Texas-Dallas and Ft. Worth

rock the reception

So I'm watching reruns play on TLC. I really wanted to do a fun first dance. Matter of fact the first thing my mom said after I was engaged wasn't congrats it was so your gonna do a fun first dance right w/o me ever mentioning it to her. I told her no b/c FI doesn't dance. Now the more I watch the show makes me want to do it even more b/c it's so me. The problem is it's SO.... not him. I'm totally unsure about asking him. Should I even bother knowing he doesn't dance or should I ask him to put his pride a sidefor  4minutes to give his bride a little bit of fun.

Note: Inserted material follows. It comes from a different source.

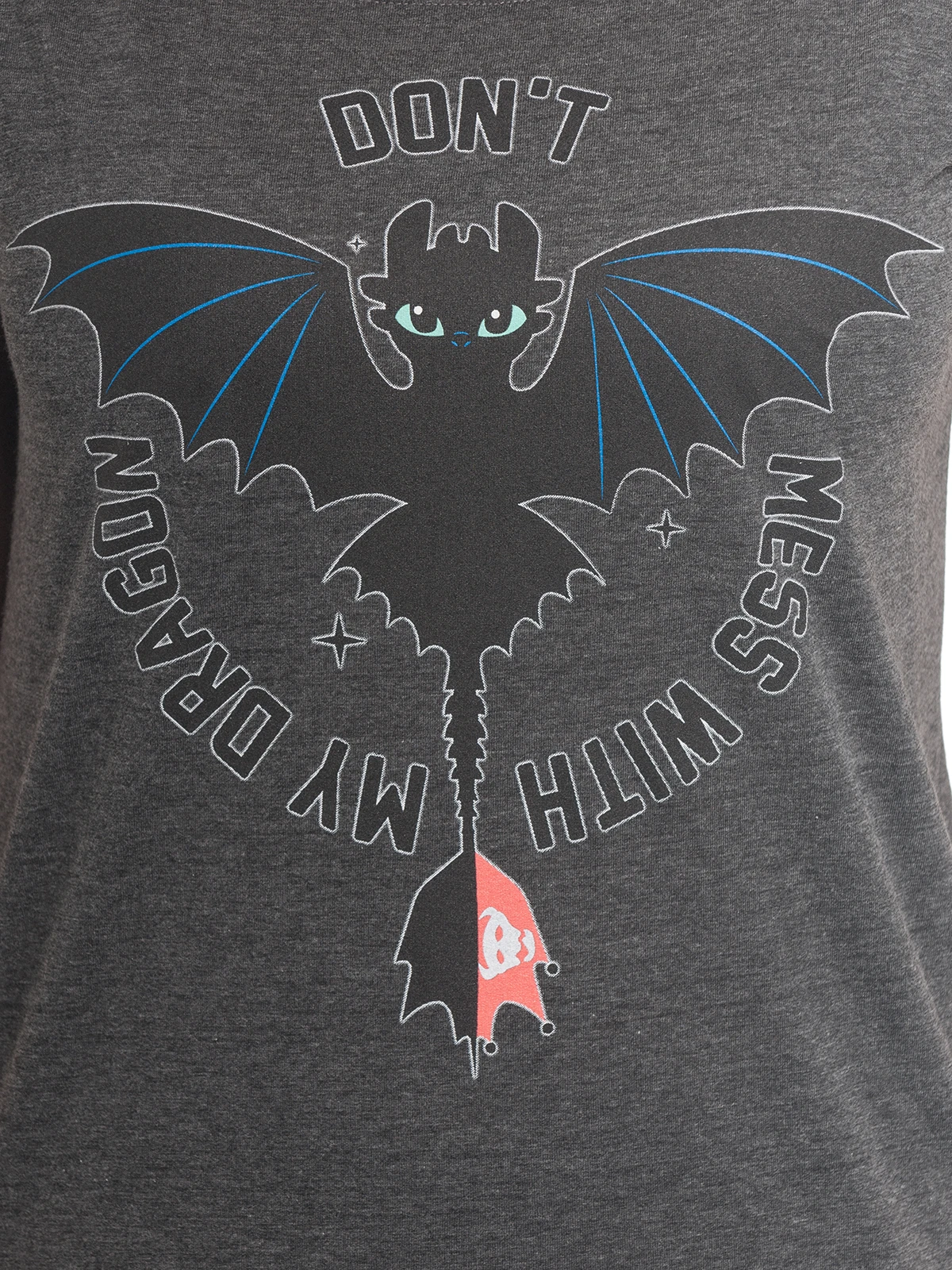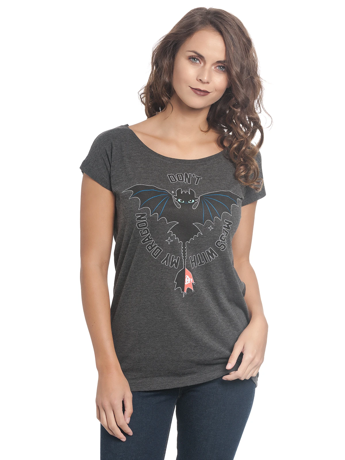 Der Frontprint zeigt den Schriftzug ‚Don’t mess with my dragon‘ – ‚Leg dich nicht mit meinem Drachen an‘. Das Design wird durch eine Abbildung des Nachtschatten Drachens Ohnezahn komplettiert.

**Edit** haha if you knew my FI you would know there is no forcing, hence me being afraid to just ask him. I guess I didn't word that exactly right. I always give him a hard time b/c before we started dating he would go out dancing w/his guy friends no questions asked but he's never gone dancing w/ me so I always give him a hard time.
figuring it out as i go Wedding Countdown Ticker image 124 Invited so far!
image 105 (including 4 extra plus ones) Are ready to party!
image 9 Will be missing out!
image 14 Are making me slowy go crazy!
RSVP Date October 15th

Re: rock the reception

  • cfibelkorncfibelkorn member
    1000 Comments
    edited December 2011
    There needs to be an "other" option....here is what I think

    You can ask him (no harm in asking), I remember I wanted to do one too, but respect his wishes. My FI said no way and that was that. We are not doing a fun dance b/c he would feel uncomfortable.
  • edited December 2011
    I didn't vote, because I would say "it depends".

    I know some people don't dance because it makes them really uncomfortable. If he's one of those people, do you really want to make him uncomfortable? It's his wedding day too.

    If he doesn't dance just because he is being difficult, then I say, he can suck it up for a few minutes.

    But I wouldn't ever force FI to do something he really isn't comfortable doing.
  • edited December 2011
    Would he take lessons?   We did a rumba to a more upbeat song and we took 3 lessons to learn how to do it.  It was fun!

    We did a slow, meaningful dance for our private last dance.
  • edited December 2011
    I agree there needs to be an other.  I say ask him because it cant hurt his answer may surprise you but if he really doesnt want to do it then I dont think your wedding is the place to ask him to suck up something that he isnt comfortable with.
  • edited December 2011
    I agree - "other" needs to be an option....I would ask - he is your fiance after all and there will definitely be more pressing issues that are going to come up that you may be afraid to ask but you have to - just part of it all.
    Now the key is your response and action after his answer....if he says no then you need to respect his wishes. My husband didn't want to do a crazy first dance either and I thought it would be cute...heck he was reluctant to even do a normal dance! But he did and he lived so no harm done ;)
    On the other hand if he says yes then there you go! Start planning but I still wouldn't make it too over the top - if you already know he is uncomfortable then you know he is doing this just for you - to please you - so don't have him doing the worm or something on the dance floor, lol
  • fallbride1109fallbride1109 member
    5000 Comments Fifth Anniversary 5 Love Its Name Dropper
    edited December 2011
    I agree with the PP.  Ask him if he would consider it and if he says no, that's that.
  • edited December 2011

    Ask him.  If he says "No" or doesn't seem fully comfortable with it, then just do a fun dance with your girlfriends!  Don't force him to do something that he won't enjoy or will be stressed out over.